Comments on: Faster Than a Speeding Antibiotic…

By: Richard

Richard — Mon, 26 Oct 2009 05:26:09 +0000

The giving of low doses of antimicrobials to animals over a prolonged period is the ideal experimental setup if one wants deliberately to generalt resistance. Whereever people have looked at it, animals from farms, or indeed countries in which it is usual to use antimicrobials as growth promoters carry higher proportions of resistant organisms in their bowels. Meat from the slaughterhouse is inevitably contaminated by faecal matter, so if you culture thouse plastic wrapped tasty chunks of meat at the supermarket, they will carry faecal bacteria.
If absoluttely scrupulous food hygiene is not practiced (and where is it?), bacteria will be transferred from raw meat to ready to eat food, and may colonise the eater’s bowel.
Even if the transferred bacterium is not a pathogen (that is, it doesn’t cause disease, and the vast majority of bacteria are not pathogens) the genes for resistance to antimicrobials are often on “transposable elements”, bits of DNA that can go from one bacterium to another, often only remotely related bacterium.
How often this happens, and how important it is for human disease are very difficult to say. Most bacteria are very fussy in terms of the hosts in whcih they can live, and the overwhelming majority of the bacteria in a load of animal faeces consumed with your salad will not be able to survive in the human bowel. Some, though, may do a bit of swapping of DNA before they die.
A few bacteria, however, do infect both humans and animals. The best studied of these is Campylobacter. Almost all cases of ciprofloxacin resistant campylobacteriosis diagnosed in Denmark (the country in which use of antibiotics as growth promoters has longest been banned) are in people who have eaten chicken imported into Denmark, not locally raised. Other studies, also in Europe, show that, while one is more likely to pick up a Campylobacter from organic free-range chicken, that Campylobacter is much less likely to be antibiotic resistant. There is similar evidence around antibiotic resistant Salmonella.
For some other intestinal organisms, such as the strains of Escherichia coli that cause urinary tract infection, there is somewhat weaker evidence linking resistance to animal husbandry practices.
For non-enteric organisms (for example Staphylococcus aureus), there is little or no evidence that animal husbandry practices affect resitance rates in humans.
Whatever happens on the farm, the biggest risks are in the intensive care units of hospitals (everyone on antibiotics, tubes in every orifice, lots of care procedures done by staff too busy to disinfect their hands before and after every patient contact, even though they know they should).
The spread of antimicrobial resistance requires not only the antimicrobial selective pressure which comes from the use and abuse of antibiotics, but also circumstances which allow for spread from one host to another, whether through poor food hygiene, poor household hygiene or lapses in hospital infection control.
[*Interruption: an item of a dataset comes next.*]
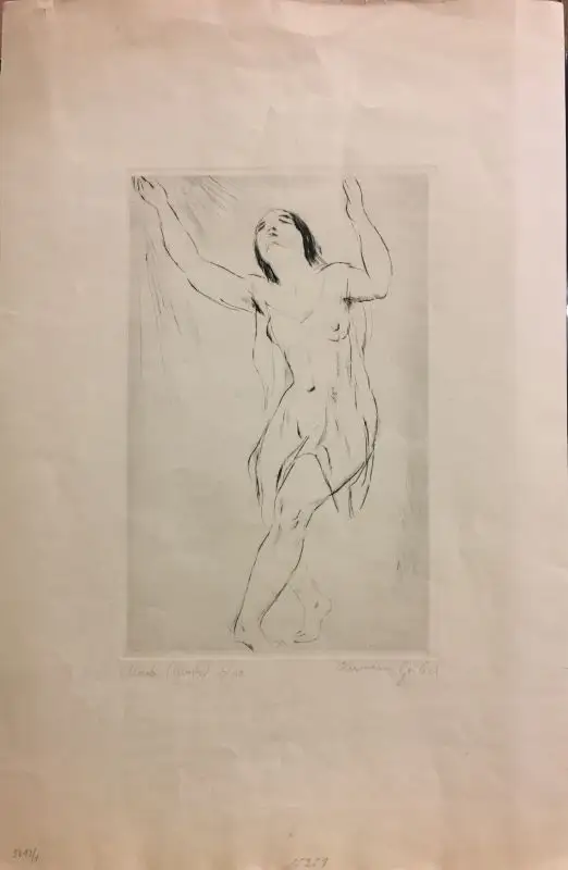 Signiert "Hermann Geibel", nummeriert 7/50 und bezeichnet "Alceste (Gluck)". Druck auf chamoisfarbenem leichten Karton. 27 x 17 cm. Papier: 48 x 31,5 cm

Only addressing both selective pressure AND spread do we have any hope of slowing the rise of resistance.

A bit off topic, but the third generation cephalosporin most used by New Zealand GPs will almost certainly be ceftriaxone, given as a single intramuscular injection for treatment of gonorrhoea. Only around three years ago, the first line drug would have been a single tablet of ciprofloxacin. When the gonococcus becomes resistant to third generation cephalosporins, there is no easy next option. A few such horribly resistant strains have been reported from Japan. They have still been susceptible enough to be treated with a higher dose of ceftriaxone – given by intravenous infusion – but for how much longer?

By: gander

gander — Mon, 26 Oct 2009 01:47:34 +0000

Wally, which generation a cephalosporin, or any other antibiotic, belongs to doesn’t determine its value. Few of the infections a GP will likely see in his practice should be treated with a third-generation cephalosporin – but many of them could be treated with a first-generation. For some infections good old penicillin G from 1942 is still the best drug.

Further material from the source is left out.